Whilst there is no direct evidence of a pre-Christian shrine in Lyminge, there are signs of human habitation in the area dating back some 8,000 years. Archaeological excavations in 2012 revealed masses of flint flakes, detritus from the manufacture of stone tools, showing that the spring was a regular gathering place for nomadic peoples. Farmers began settling in the fertile valley below about 5,000 years ago and remained there right up until the Roman invasion of Britain in the first century, when fortified garrisons and cities became the main centres of population.

Settlers gradually returned to the area after the Romans departed in the fifth century. It is believed that many of the new settlers were former Germanic mercenaries who had been stationed at the Roman fort of Port Lympne some five miles to the south of Lyminge. These settlers called themselves the Limenwara, after the Limen River adjacent to Port Lympne, and the name Lyminge means “the central place of the Limen folk.”

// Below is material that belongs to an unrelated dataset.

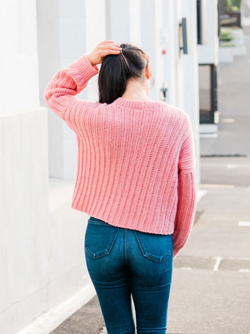 Create this oversized, ribbed, and cozy sweater using intricate stitches to form the shown knit-like structure. It has a ribbed texture, long sleeves, and a crop size. By Grace.

Evidence uncovered on Tayne Field below the church suggests that by sixth and seventh centuries Lyminge had already become a permanent settlement with a substantial manor house often visited by the Kentish kings and their families.

Looking from St Eadburg’s Well across Tayne Field.

It would have made perfect sense to Ethelburga to build her church at a well-established Anglo-Saxon settlement, and on the site of an ancient spring, and later for the Christian establishment in Canterbury to consider that site to be a suitable resting place for the new saint Eadburg.

But as noted above, you really don’t need to append the name of saint, let alone two saints, to a natural river spring to make it sacred. The sacredness of the river should be self-evident.